Description
This pretrained spellchecker pipeline is built on the top of spellcheck_dl model. This pipeline is for PySpark 2.4.x users with SparkNLP 3.4.2 and above.
Predicted Entities
Live Demo Open in Colab Download Copy S3 URI
How to use
pipeline = PretrainedPipeline("spellcheck_dl_pipeline", lang = "en")
text = ["During the summer we have the best ueather.", "I have a black ueather jacket, so nice."]
pipeline.annotate(text)
val pipeline = new PretrainedPipeline("spellcheck_dl_pipeline", lang = "en")
val example = Array("During the summer we have the best ueather.", "I have a black ueather jacket, so nice.")

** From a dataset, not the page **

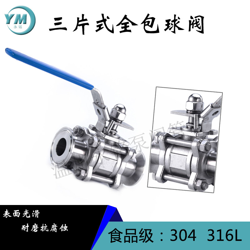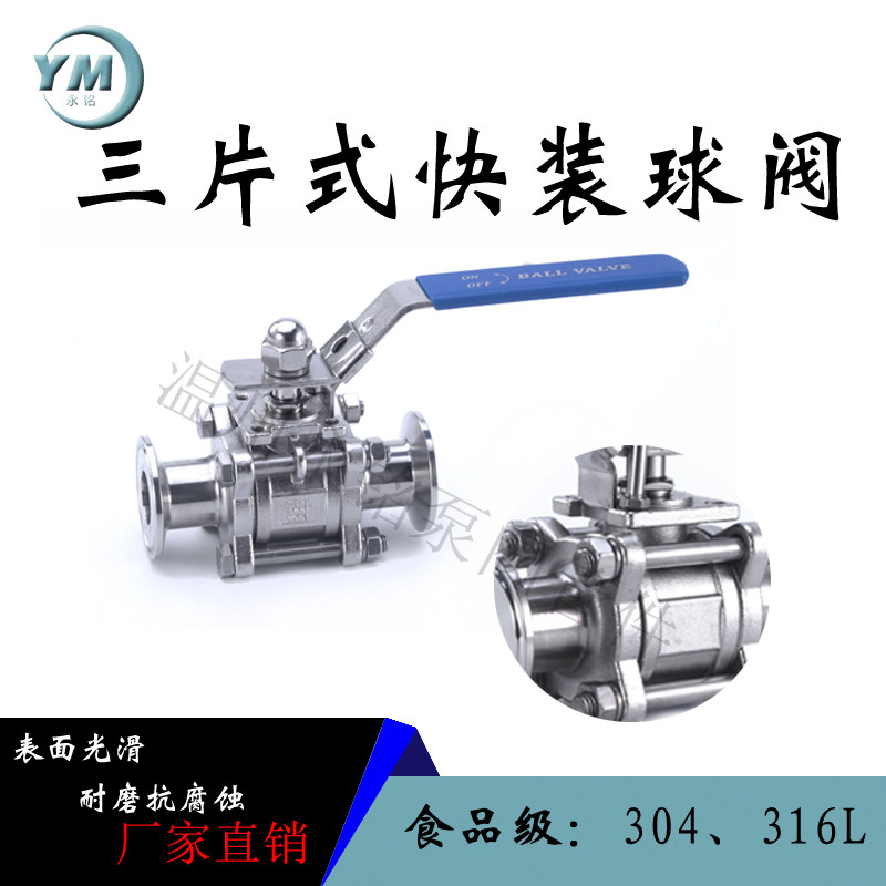 Three-piece ball valve 304 stainless steel sanitary grade all-inclusive three-piece chuck ball valve 316 fast installation corrosion-resistant explosion-proof

pipeline.annotate(example)
Results
[{'checked': ['During', 'the', 'summer', 'we', 'have', 'the', 'best', 'weather', '.'],
  'document': ['During the summer we have the best ueather.'],
  'token': ['During', 'the', 'summer', 'we', 'have', 'the', 'best', 'ueather', '.']},
 {'checked': ['I', 'have', 'a', 'black', 'leather', 'jacket', ',', 'so', 'nice',  '.'],
  'document': ['I have a black ueather jacket, so nice.'],
  'token': ['I', 'have', 'a', 'black', 'ueather', 'jacket', ',', 'so', 'nice', '.']}]
Model Information
| Model Name: | spellcheck_dl_pipeline | 
| Type: | pipeline | 
| Compatibility: | Spark NLP 4.0.0+ | 
| License: | Open Source | 
| Edition: | Community | 
| Language: | en | 
| Size: | 99.8 MB | 
Included Models
- DocumentAssembler
- TokenizerModel
- ContextSpellCheckerModel